The concept of summation of disinhibitory/inhibitory drives onto the output nuclei of BG has given ground to consider that coding of information relies (solely) on the firing rate of neurons^{2, 14} and forged the “rate hypothesis”. Under this hypothesis, the BG are seen in a steady state; increased firing rate in BG output nuclei leads to hypokinesia while decreased firing rate leads to hyperkinesia. However, critics to the model^15–17 have pointed out the fact that the parkinsonian condition may be seen as a breakdown of motor control with a wide range of motor symptoms including tremor, rigidity and impairment in performing voluntary movements; therefore, alterations in the spike timing of output nuclei of BG may not solely be characterized by changes in central tendency (aka, firing rate) but may also include a breakdown of its temporal organization^{9, 17–21}. We hypothesized that catecholaminergic regulation not only controls the ‘tone’ of the direct and the indirect pathways, but also the dynamic, or synergy, of their modulations on the output BG neurons². This hypothesis underlies that both rate and irregularity (as defined by entropy)^{22, 23} of the spike timing could be jointly altered following depletion in catecholamine. Specifically, we have investigated the entropy/rate properties of output EPN neurons in rats with dopamine depletion induced by the neurotoxine 6-OHDA directly administrated in the medial forebrain bundle to lesion the nigrostriatal pathway. Recordings of single neurons firing activity were performed in the anesthetized animals to limit movement-related sensory-motor inputs and environmental perturbations. Approximate entropy (ApEn) and firing rate were used to investigate changes in spike timing in EPN neurons following catecholamine depletion and in idle (aka, anesthetized) condition. In light to the changes in entropy/rate property observed after 6-OHDA lesion, we discuss the role of the nigrostriatal pathway on neuronal firing activity in output BG neurons and sensory-motor coding.

Material and Methods

2.1 Animals

Experiments were carried out in male Sprague-Dawley rats (N = 14; weighing 220–230 g; Charles River Laboratories, Germany).

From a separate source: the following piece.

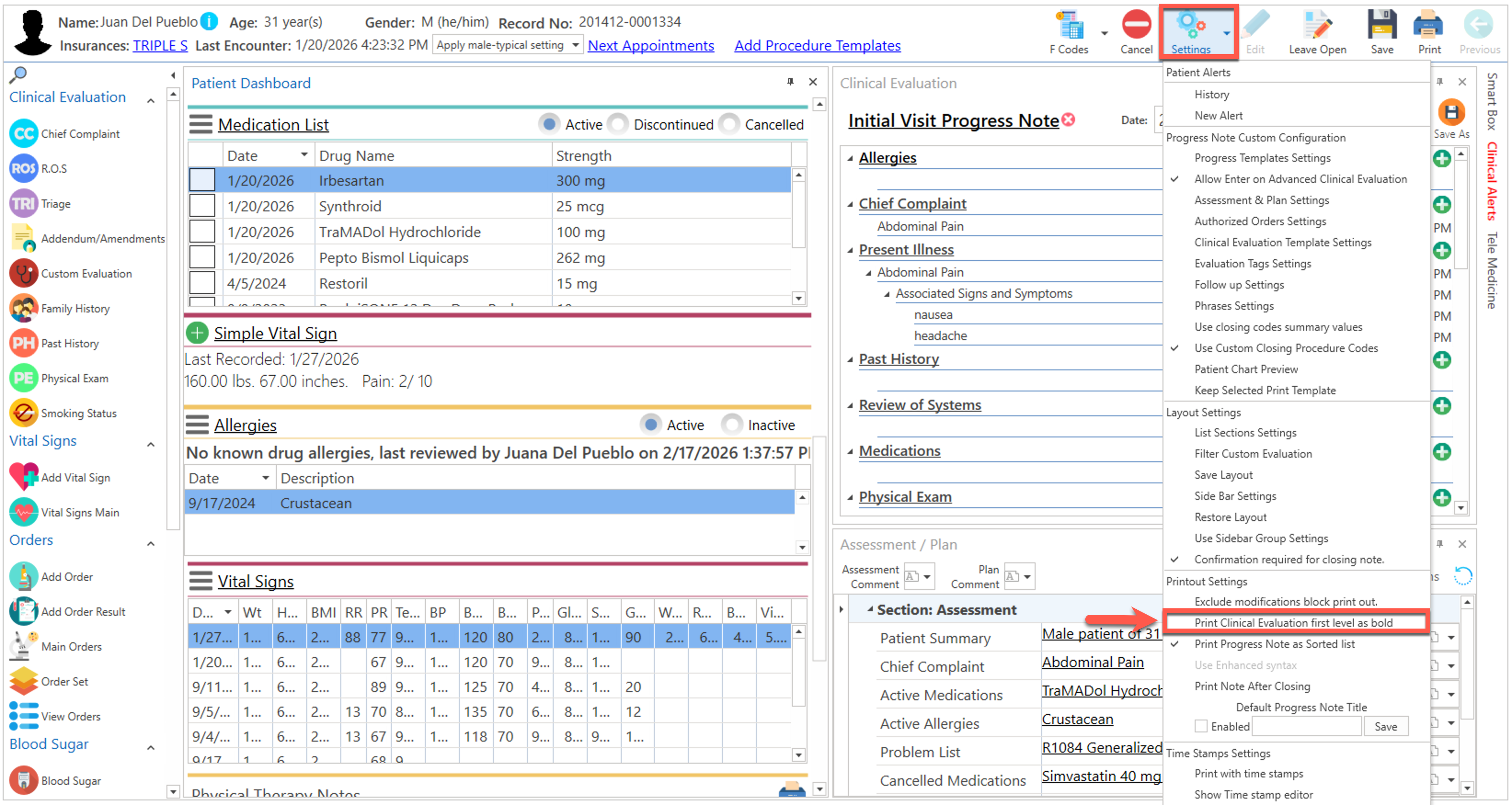 - Preguntas Frecuentes: Advanced Progress Notes / Settings / Print Clinical Evaluation first level as bold

Rats were housed in groups of four in standard Macrolon Type IV cages (Techniplast, Hohenpeissenberg, Germany) under a 12-h light–dark cycle (on at 07:00 h) at a room temperature of 22 ±2 °C, with food and water available at all times. All animal procedures were approved in accordance with the European Council Directive of November 24, 1986 (86/609/EEC) and approved by the local animal ethic committee. All efforts were made to minimize the number of animals used and their discomfort.

2.2 6-OHDA lesion

One group (N=8, 6-OHDA treated group) received 6-OHDA injection and a non-lesioned group (N=6, control) served as a naïve control. For surgery, rats were anaesthetized with 3.6 % chloral hydrate (1ml/100g body weight, i.p., Sigma, Germany) and placed in a stereotaxic frame (Stoelting, Wood Dale, Illinois, USA). The incision area was shaved and local anaesthetic (Xylocain, s.c.) was injected along the intended incision line. Ophthalmic ointment (Bepanthen, Bayer, Germany) was applied to the eyes to avoid corneal dehydration. The skull was exposed by a midline sagittal incision. Two holes were drilled over the targets above the right medial forebrain bundle and the dura was exposed. 6-OHDA was dissolved in 0.02% ascorbate saline at a concentration of 3.6 μg/μl and was injected (1 μl/min) in two deposits (2.5 μl and 3μl, respectively) at the following coordinates in mm relative to bregma and to the surface of the dura mater: anterior (A) = −4.0; lateral (L) = ±0.8; ventral (V) = −8.0; mouth bar at +3.4 and A = −4.4; L = ±1.2; V = −7.8; mouth bar at −2.4, respectively. The injection rate was 1μl/min. Following the infusion, the cannula remained at the target site for an additional 5 minutes to allow diffusion of the neurotoxin. We did not use desipramine to prevent putative effects of 6-OHDA on non-dopaminergic catecholaminergic or indolaminergic fibers.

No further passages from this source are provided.